DATA FOR PROCESSING section start

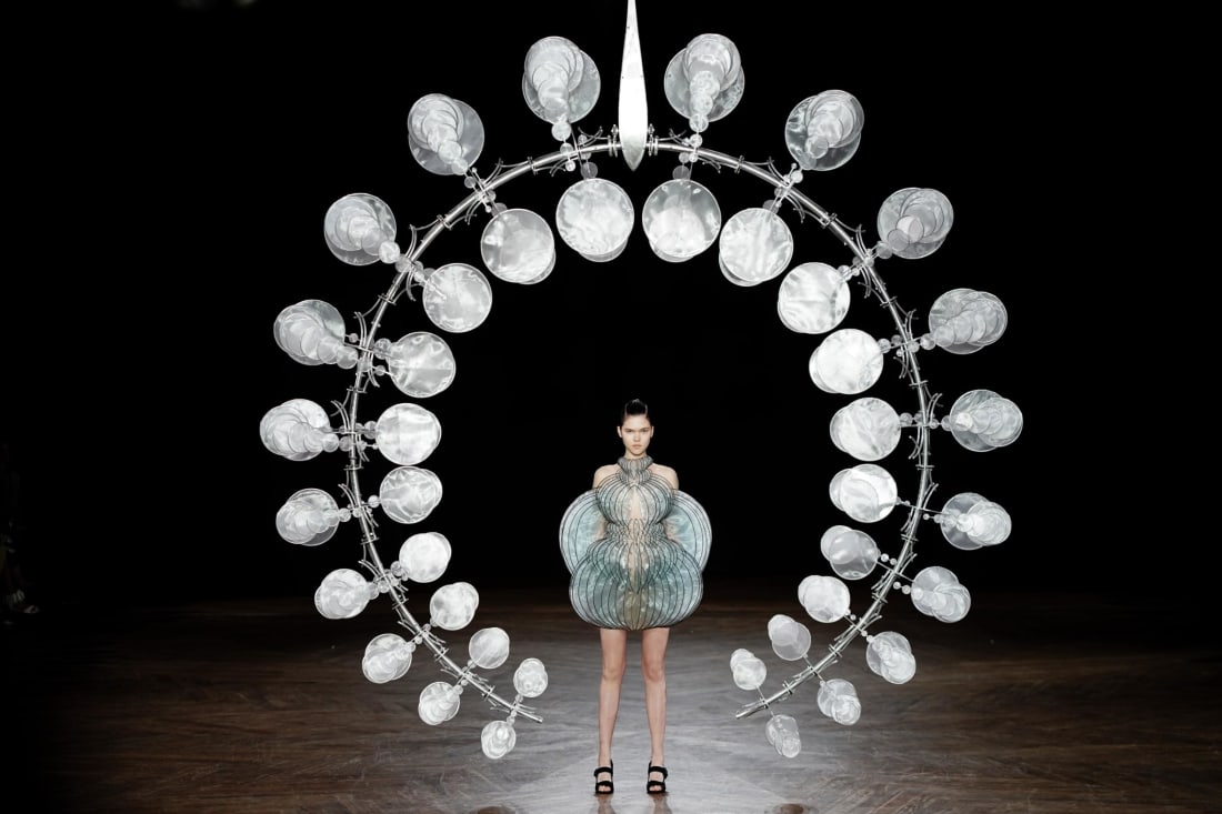 Iris Van Herpen menghadirkan 19 busana yang sebagian besar di antaranya dapat digerakkan oleh angin. Lalu yang lebih menariknya lagi menurut saya, ia juga menggunakan teknik Japanese floating ink yang bernama Suminagashi dalam pembuatan koleksi ini. Teknik yang menciptakan garis-garis sehingga tampak bergerak, seperti yang dapat dilihat pada koleksi ini.
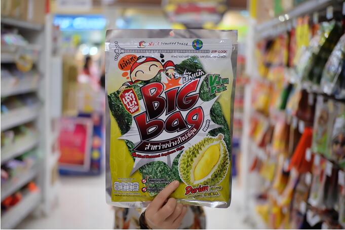 的新口味是“榴莲口味”,我的泰国朋友说这个口味可能是为了中国人,因为泰国人不太喜欢榴莲口味的零食,所以我买来试吃 我觉得味道挺好的,
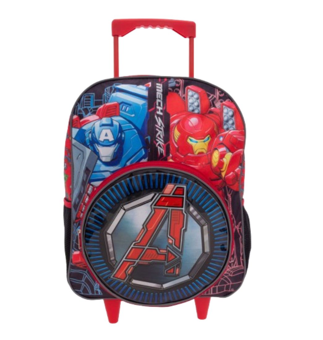 Este fabuloso Morral de Avengers cuenta con doble compartimiento, bolsillos laterales y ahora con rueditas y palanca para sostener. Su motivo de los vengadores será la sensación en el colegio y te permitirá distribuir tus útiles de una forma práctica y ordenada.
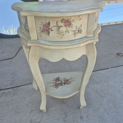 shabby chic French Provincial style accent table, featuring a hand-painted floral design on a distressed antique white finish.$20Hesperia, CA
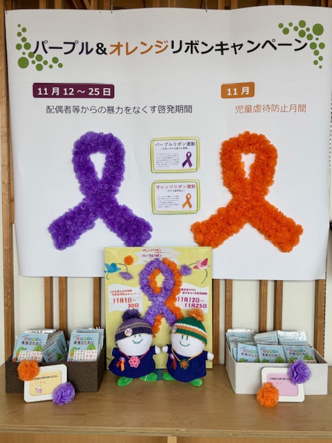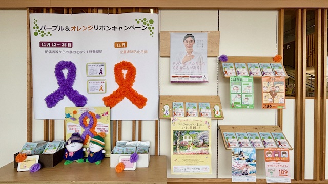 「配偶者等からの暴力をなくす啓発期間」(11月12日〜25日)、「オレンジリボン・児童虐待防止推進キャンペーン」(11月1日〜30日)に合わせて、広く市民に対し、暴力根絶及び虐待防止等に向けた啓発展示を行っています。
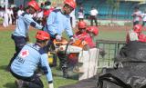 REPUBLIKA.CO.ID, MALANG -- Relawan mengevakuasi korban kebakaran dari ketinggian dalam simulasi penanganan bencana di stadion Gajayana, Malang, Jawa Timur, Sabtu (30/12/2023).
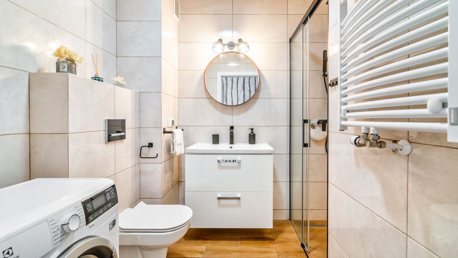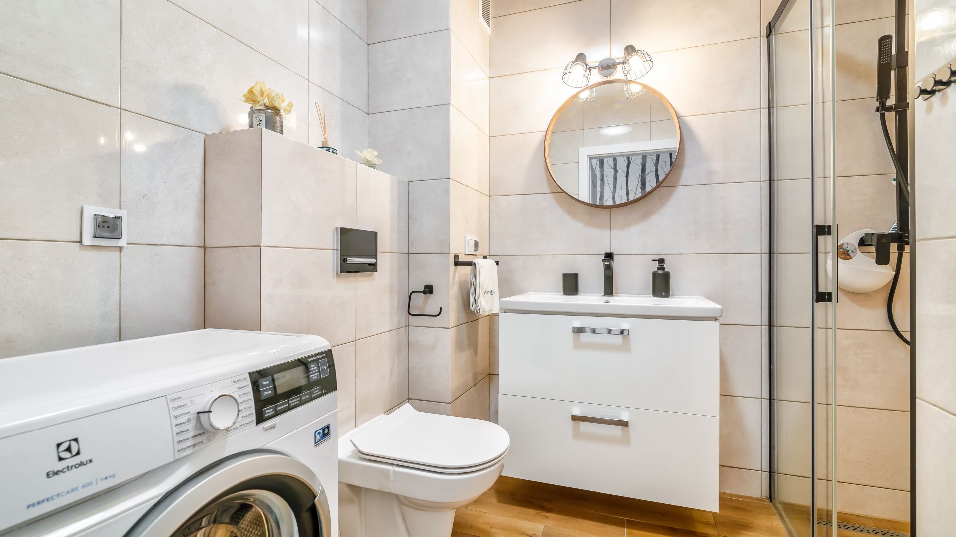 Sypialnia z komfortowym łóżkiem małżeńskim gwarantuje spokojny sen i prywatność, a w apartamencie dostępna jest także pralka, co stanowi duże udogodnienie przy dłuższych pobytach. Goście mają dostęp do szybkiego Wi-Fi, dzięki czemu można wygodnie pracować zdalnie lub korzystać z rozrywki online. Apartament również oferuje dostęp do rowerów.

DATA FOR PROCESSING section end

WHAT YOU NEED TO DO – Retype the entries exactly, skipping every picture.

EXPECTED ANSWER –
 Iris Van Herpen menghadirkan 19 busana yang sebagian besar di antaranya dapat digerakkan oleh angin. Lalu yang lebih menariknya lagi menurut saya, ia juga menggunakan teknik Japanese floating ink yang bernama Suminagashi dalam pembuatan koleksi ini. Teknik yang menciptakan garis-garis sehingga tampak bergerak, seperti yang dapat dilihat pada koleksi ini.
 的新口味是“榴莲口味”,我的泰国朋友说这个口味可能是为了中国人,因为泰国人不太喜欢榴莲口味的零食,所以我买来试吃 我觉得味道挺好的,
 Este fabuloso Morral de Avengers cuenta con doble compartimiento, bolsillos laterales y ahora con rueditas y palanca para sostener. Su motivo de los vengadores será la sensación en el colegio y te permitirá distribuir tus útiles de una forma práctica y ordenada.
 shabby chic French Provincial style accent table, featuring a hand-painted floral design on a distressed antique white finish.$20Hesperia, CA
 「配偶者等からの暴力をなくす啓発期間」(11月12日〜25日)、「オレンジリボン・児童虐待防止推進キャンペーン」(11月1日〜30日)に合わせて、広く市民に対し、暴力根絶及び虐待防止等に向けた啓発展示を行っています。
 REPUBLIKA.CO.ID, MALANG -- Relawan mengevakuasi korban kebakaran dari ketinggian dalam simulasi penanganan bencana di stadion Gajayana, Malang, Jawa Timur, Sabtu (30/12/2023).
 Sypialnia z komfortowym łóżkiem małżeńskim gwarantuje spokojny sen i prywatność, a w apartamencie dostępna jest także pralka, co stanowi duże udogodnienie przy dłuższych pobytach. Goście mają dostęp do szybkiego Wi-Fi, dzięki czemu można wygodnie pracować zdalnie lub korzystać z rozrywki online. Apartament również oferuje dostęp do rowerów.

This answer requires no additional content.